Republicans have successfully portrayed Democrats as weak on terrorism for two national elections in a row. Still, before this threat, Democrats showed signs that they were viewing problems in Iraq and the unpopularity of the war as ways of undermining Republicans on their signature issue. And some Republicans were concerned that the party might not be able to go to the well on national security a third time.

Republicans have become increasingly alarmed that the war might drag down incumbents. A senior Republican consultant with ties to the White House, who was granted anonymity so he could describe internal research for a Republican member of Congress, said he had recently conducted a focus group in a highly contested Congressional district in the Philadelphia suburbs.

He was shocked, he said, at the degree of hostility among Republicans toward the war, even accounting for the fact that Northeast Republicans are more moderate than their counterparts in the rest of the country.

The importance of the struggle by both parties on whether this was an election season debate about terrorism or about the war in Iraq was demonstrated in a New York Times/CBS News poll late last month. Forty-two percent of Americans said they thought the Republicans were more likely than Democrats to make the right decision about the war on terror. The same percentage said they thought Democrats were more likely to make the right decisions about the war in Iraq.

The White House had been aware for weeks that Britain was moving to shut down this plot. White House officials said that Mr. Cheney was kept abreast of the plot and the investigation, but that his comments on Wednesday, in a rare teleconference with news service reporters, were simply in reaction to what they said was an extraordinary political event, the defeat of a sitting senator.
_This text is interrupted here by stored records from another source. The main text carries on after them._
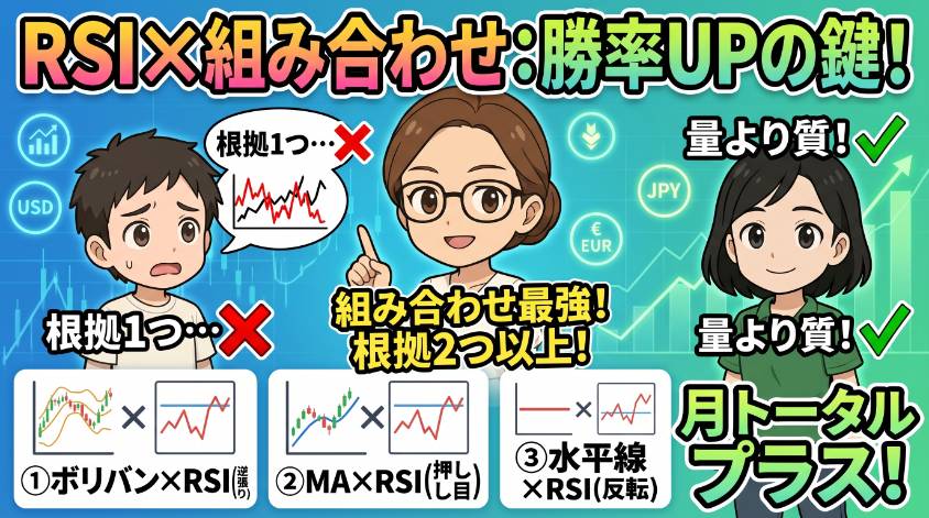 RSIは単体で使うものじゃない。他のインジケーターと組み合わせて初めて本領を発揮するの。これは断言するわ。
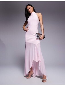 ASOS DESIGN highneck maxi dress with sheer skirt in light pink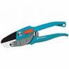 Ziehender, glatter Schnitt. Schneidmesser mit Präzisions-Keilschliff, antihaftbeschichtet. Kraftsparende Hebelübersetzung. Einhand-Sicherheitsverschluss. Kleines Modell. Mit Standardgriff. 4-Farb-SB-Infokarte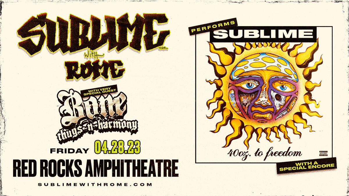 Photo: AEG PresentsSublime with Rome performs 40oz to Freedom with Bone Thugs-n-Harmony Red Rocks Amphitheatre Friday, April 28, 2023 >>Tickets Pre-Sale: Thursday, Dec 15 from 10a – 10p MT, PW: SANTERIA Register HERE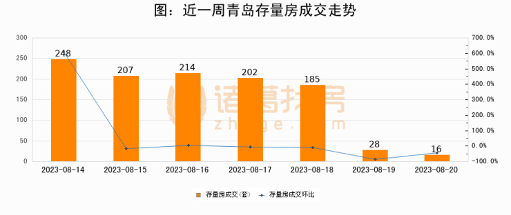 从存量房来看,2023年08月20日青岛存量房单日成交16套,比昨日减少12套,环比下降42.9%。从近一周存量房成交来看,青岛存量房日均成交套数为157套,08月20日单日成交16套,低于近一周平均水平89.8%。

A senior White House official on Air Force One, speaking on the condition of anonymity, dismissed the notion that there was anything wrong with these kinds of issues being mixed up in a political campaign.

"The issue is going to be discussed in the fall," this official said. "Are you saying if the Democrats talk about the war, we shouldn't? We will talk about the war, and we will talk about the consequences of the policies advocated by the Democrats."

Jim Rutenberg contributed reporting from Crawford, Tex., for this article.